|Department of Public Information • News and Media Division • New York|
Press Conference on ‘The United Nations and Global Economic Governance’
There was an urgent need to re-balance not only the global economy, but also global governance, two participants in a Headquarters press conference said today, underlining the clear necessity to create institutions reflecting the new balance of economic power in today’s world.
Marc Uzan, Executive Director of the Paris-headquartered Bretton Woods Committee, and Murat Karimsakov, Chair of the Executive Body of Kazakhstan’s “Eurasian Economic Club of Scientists” Association, were speaking on “The United Nations and Global Economic Governance” at a press conference sponsored by the Permanent Mission of Kazakhstan. That country would host the “World Anti-Crisis Conference in Astana from 23 to 24 May, they announced, noting that the event would coincide with the Astana Economic Forum. More than 50 Ministers, Heads of State and Government, as well as leading international experts were expected to attend.

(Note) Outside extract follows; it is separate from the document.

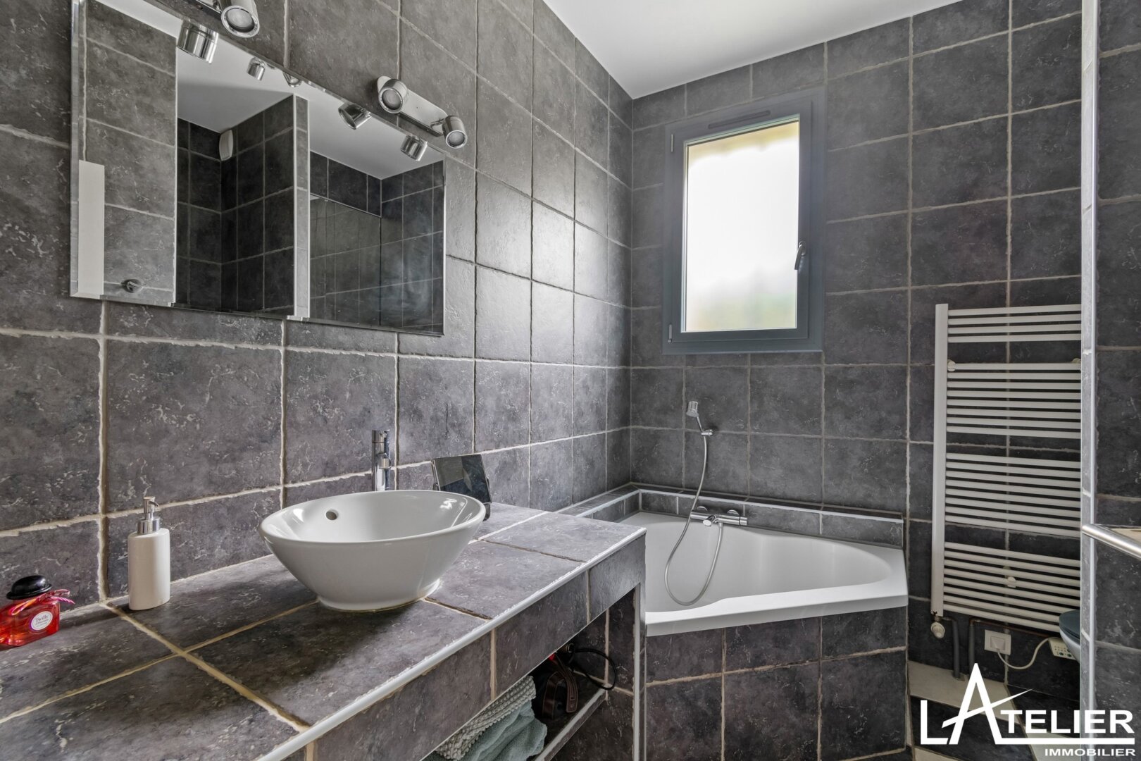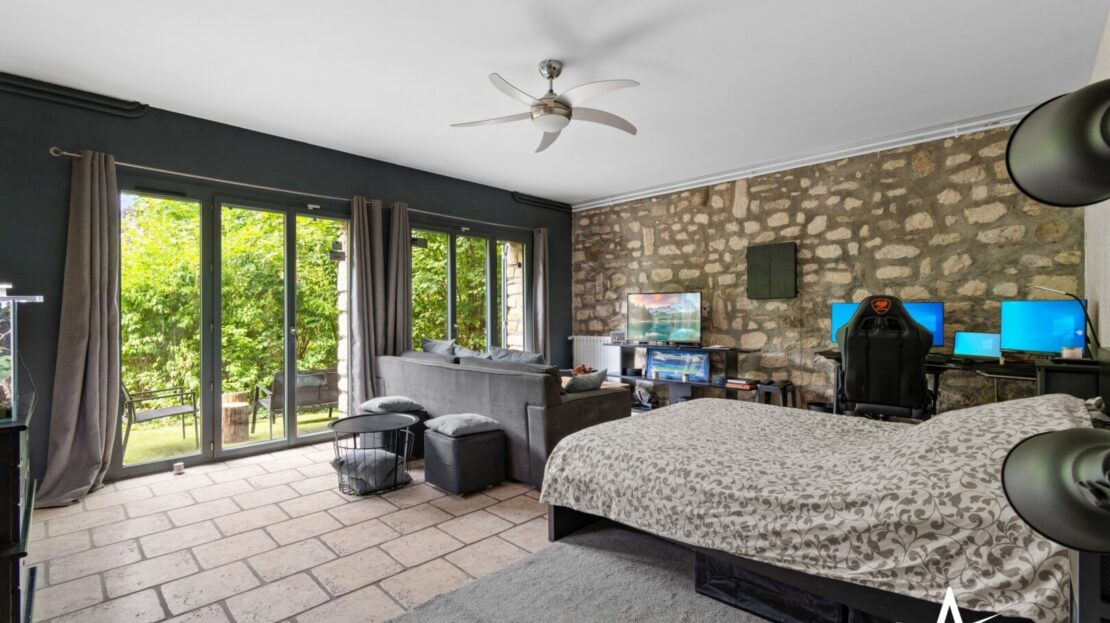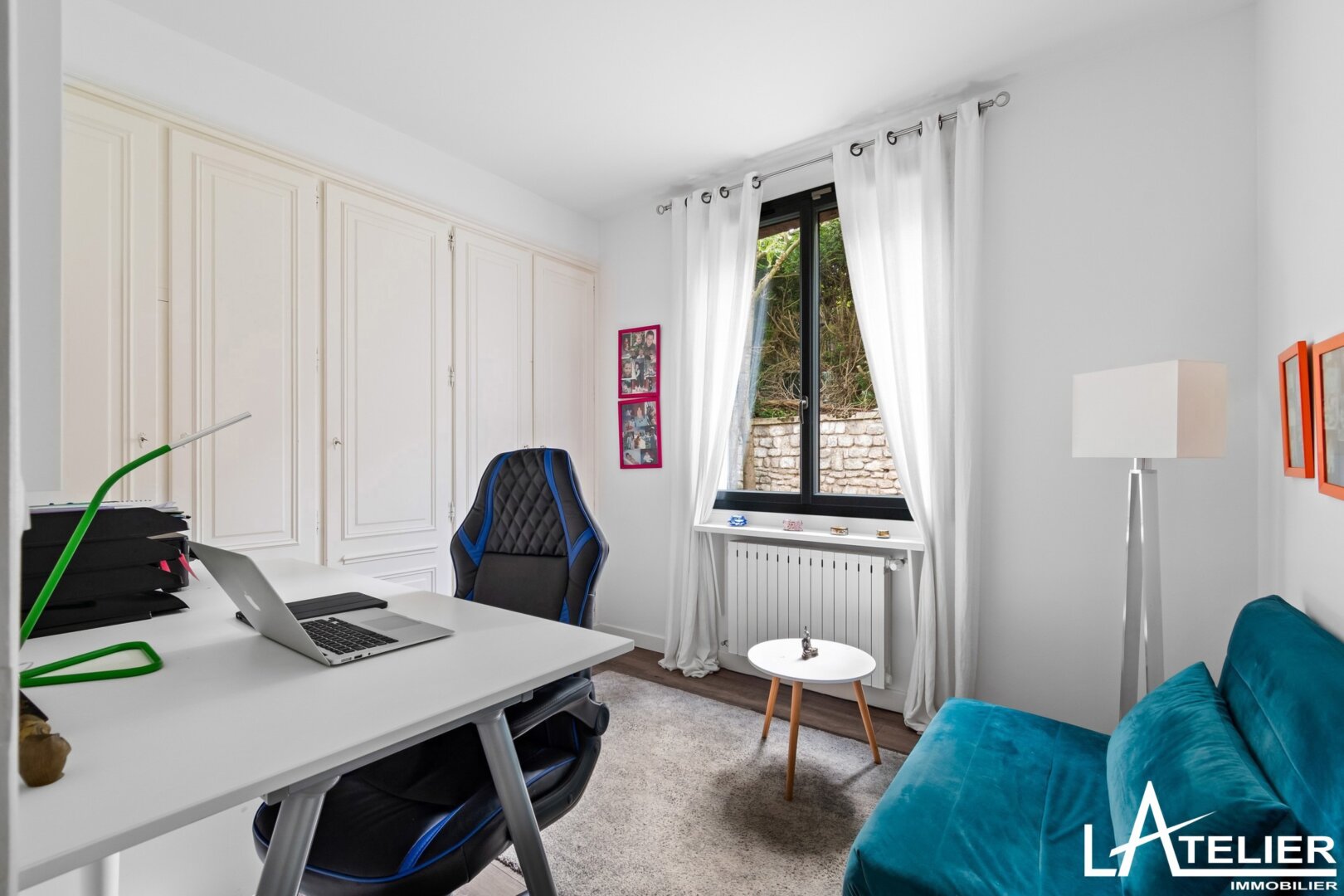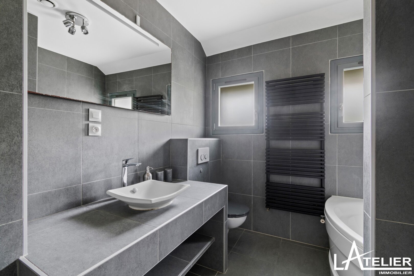 Le 1er étage offre 3 belles chambres, 2 très grands dressings aménagés, une salle de bains/douche/wc. Le niveau du rez de jardin propose une suite indépendante avec chambre / salon de 28 m2, salle d’eau privative, wc et accès jardin.

Mr. Uzan said it was vital that the world think seriously about structural challenges to reforming global governance, whether the Bretton Woods institutions should drive the new global financial architecture, or whether the emerging world might, in fact, wish to create its own institutions. There was also a need for greater inclusiveness. “We know that the G-20 has been the forum for international economic policy over the last five years,” he said. “But, the G-20 clearly reflects maybe the major countries, but is not very inclusive for the rest of the world.” It was, therefore, necessary to reach out to countries that were not members of the G-20 but wished to contribute to the discussions.
The World Anti-Crisis Conference would, therefore, give voice to those countries wishing to contribute to the current debate and to provide useful contributions to reform of the global financial architecture, he said. It was good that the Conference would be held in a country that was not a member of the G-20, as it would provide a balance between different States and different perspectives not only on creating a new economic order, but on re-balancing a major transformation of the global financial system.
Mr. Karimsakov, who led Kazakhstan’s delegation to the General Assembly’s thematic debate on the United Nations and Global Economic Governance, agreed with that assessment, saying it was obvious that the effects of the global economic and financial crises, as well as the impact of international actions to overcome them, had led to the conclusion that the world needed a single policy of global governance. The main outcome of the World Anti-Crisis Conference was expected to be the adoption of its final declaration and of the main directions and priorities of the draft World Anti-Crisis Plan. That would be sent to Heads of Government and presented to the General Assembly and the G-20 Summit later this year.
Presenting an overview of the World Anti-Crisis Conference, Mr. Uzan said it would aim to diagnose the main challenges to the global financial system, especially in the Western world. Secondly, in showcasing the current situation, it would highlight the difficulties of reaching a consensus solution, and hopefully try to reconcile different perspectives and solutions in the context of the discussions in today’s thematic debate.
Asked whether a potential alternative “basket currency” to the United States dollar would be on the Astana Conference’s agenda, as suggested in some quarters, Mr. Uzan confirmed that the matter would be tabled, not least because the world faced a transition in respect of the way in which the international monetary system would operate in the next few years. While the world had a de facto dollar standard, it was also well known that with China’s ascendancy, the renminbi would play a major role in the next 10 years, although that country remained “very far away” from providing a reserve currency because theirs was not convertible. “But, we have to think about the international monetary arrangements for the next decade,” he emphasized.
To a question about reform of the International Monetary Fund (IMF), he stressed that the World Anti-Crisis Conference was not intended merely to focus on the global economy’s current economic prospects, the challenges of which were well known. Another issue on the international agenda was reform of the global financial architecture, and what role the IMF should play in a new world where Western countries were becoming debtors of the Fund and no longer its creditors.